Signed-off-by: Matheus Machado Guilhermino <Matheus.MachadoGuilhermino@windriver.com>
Change-Id: I50915c17d6f50f5e20e6448d3e75bfe54a75acc0
1 year ago
Eric MacDonald 3c1e9d9601 Modify mtce daemon log rotation config files
This update make the following setting changes to the
maintenance log rotation configuration files

 - add 'create' with permissions to each tuple
 - add 'delaycompress'
 - group together log files with similar settings
 - move global settings ro local settings
 - remove 'copytruncate' global setting
 - remove the 'nodateext' global and local setting

Test Plan:

PASS: Verify log rotation for all mtc log files
PASS: Verify no log loss over rotation
PASS: Verify log rotation file naming convention
PASS: Verify delaycompress on all mtce log files
PASS: Verify log permissions after rotate are 0640

Regression:

PASS: Verify AIO system install
PASS: Verify Standard system install
PASS: Verify full and dated collect

Change-Id: I623030fa2c1ce4e8085e654ae3fb782c7e520924
Partial-Bug: 1918979
Depends-On: https://review.opendev.org/c/starlingx/config-files/+/784943
Signed-off-by: Eric MacDonald <eric.macdonald@windriver.com>
2 years ago
Sharath Kumar K b725a0974b De-branding in starlingx/metal: Titanium Cloud -> StarlingX
1. Rename Titanium Cloud to StarlingX for .spec files
2. Rename Titanium Cloud to StarlingX for .service file

Test:
After the de-brand change, bootimage.iso has built in the flock layer
and installed on the dev machine to validate the changes.

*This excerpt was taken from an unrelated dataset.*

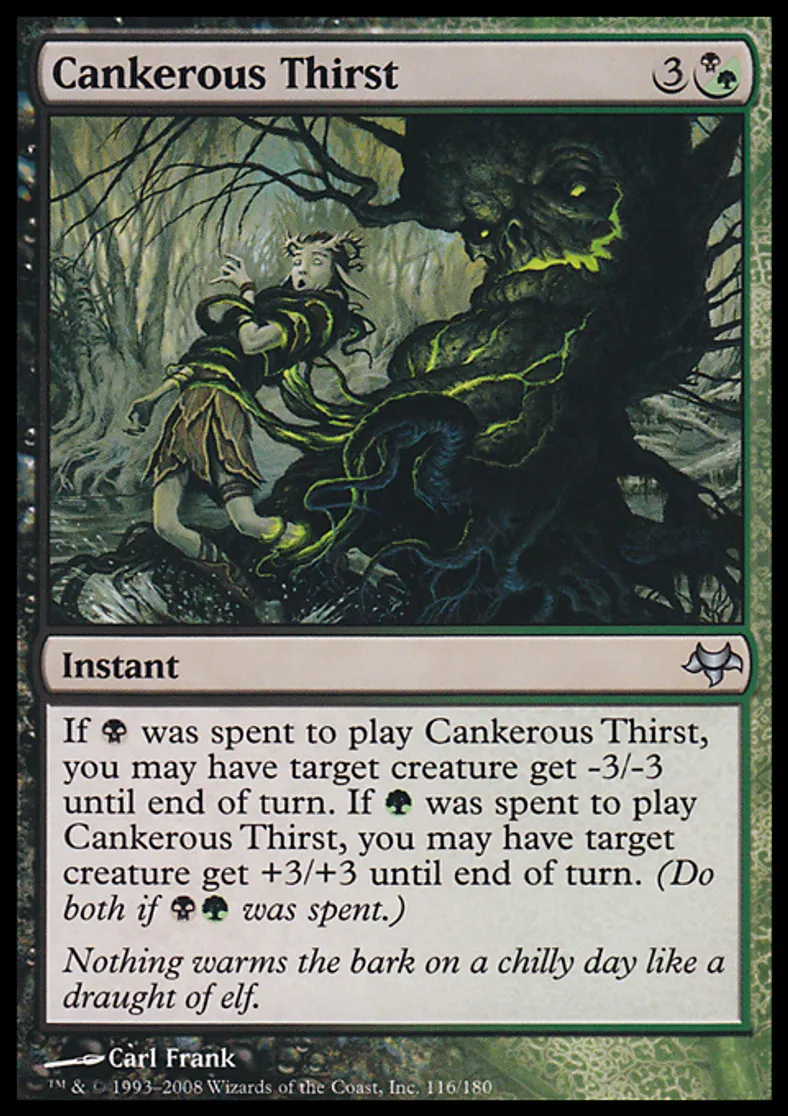 | Oracle Text | If {{b}} was spent to cast Cankerous Thirst, you may have target creature get -3/-3 until end of turn. If {{g}} was spent to cast Cankerous Thirst, you may have target creature get +3/+3 until end of turn. (Do both if {{b}}{{g}} was spent.) | ||

Please note, doing de-brand changes in batches, this is batch1 changes.

Story: 2006387
Task: 36207

Change-Id: Ifa4dc5c7aa3189815e00b796fc833852e88c8fe3
Signed-off-by: Sharath Kumar K <sharath.kumar@intel.com>
3 years ago
Eric MacDonald f2fedc0446 Add alarm retry support to maintenance alarm handling daemon
The maintenance alarm handling daemon (mtcalarmd) should not
drop alarm requests simply because FM process is not running.
Insteads it should retry for it and other FM error cases that
will likely succeed in time if they are retried.

Some error cases however do need to be dropped such as those
that are unlikely to succeed with retries.

Reviewed FM return codes with FM designer which lead to a list
of errors that should drop and others that should retry.

This update implements that handling with a posting and
servicing of a first-in / first-out alarm queue.

Typical retry case is the NOCONNECT error code which occurs
when FM is not running.

Alarm ordering and first try timestamp is maintained.
Retries and logs are throttled to avoid flooding.

Test Plan:

PASS: Verify success path alarm handling End-to-End.
PASS: Verify retry handling while FM is not running.
PASS: Verify handling of all FM error codes (fit tool).
PASS: Verify alarm handling under stress (inject-alarm script) soak.
PASS: verify no memory leak over stress soak.
PASS: Verify logging (success, retry, failure)
PASS: Verify alarm posted date is maintained over retry success.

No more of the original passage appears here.